Let $(\Omega ,\mathcal F,\mathbb P)$ a probability space. I'm trying to understand better $\sigma -$algebra in probability, in particular the $\sigma -$algebra $$\mathcal F_T=\{A\in \mathcal F\mid A\cap \{T\leq t\}\in \mathcal F_t, \forall t\geq 0\},$$ where $T$ is a stopping time and $(\mathcal F_t)$ is a filtration.
Let $(X_n)_{n\in\mathbb N}$ independant Bernoulli r.v. Set $$S=\inf\left\{n\in\mathbb N\mid \sum_{k=1}^nX_i\geq 1\right \}$$ and $$T=\inf\left\{n\in\mathbb N\mid \sum_{k=1}^n X_k\geq 2\right \}.$$
It's written that $S\in \mathcal F_T$ but $S\notin \sigma (T)$, and I don't really understand why. The fact that $S\in \mathcal F_T$ I can imagine that it come from the fact that if $T$ occur, then $S$ occurred. It's what I read (even if I don't really understand in what this is related to $\mathcal F_T$ I totally agree with the last sentence). But Why isn't it in $\sigma (T)$ ? Because if we know $T$, then we know $S$, no ?
$\mathcal{F}_T$ is basically everything that you know by knowing the process up to time $T$. So $S\in\mathcal{F}_T$ since the stopping time $S$ has to happened before $T$.
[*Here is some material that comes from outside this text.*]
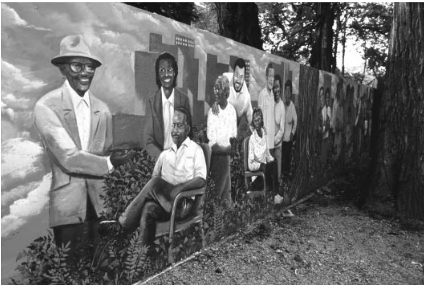
Classon Ful-Gate Block Association Garden Bedford-Stuyvesant, Brooklyn

On the other hand, $\sigma(T)$ "is" what knowing $T$ alone gives you, in other words, measurable sets recovered from deterministic functions of $T$. Now knowing $T$ doesn't exactly tell you what $S$ is, since we could have $S=T-1,T-2,\dots,1$ and there is no way to recover $S$ from $T$ alone, which is why $S\notin\sigma(T)$.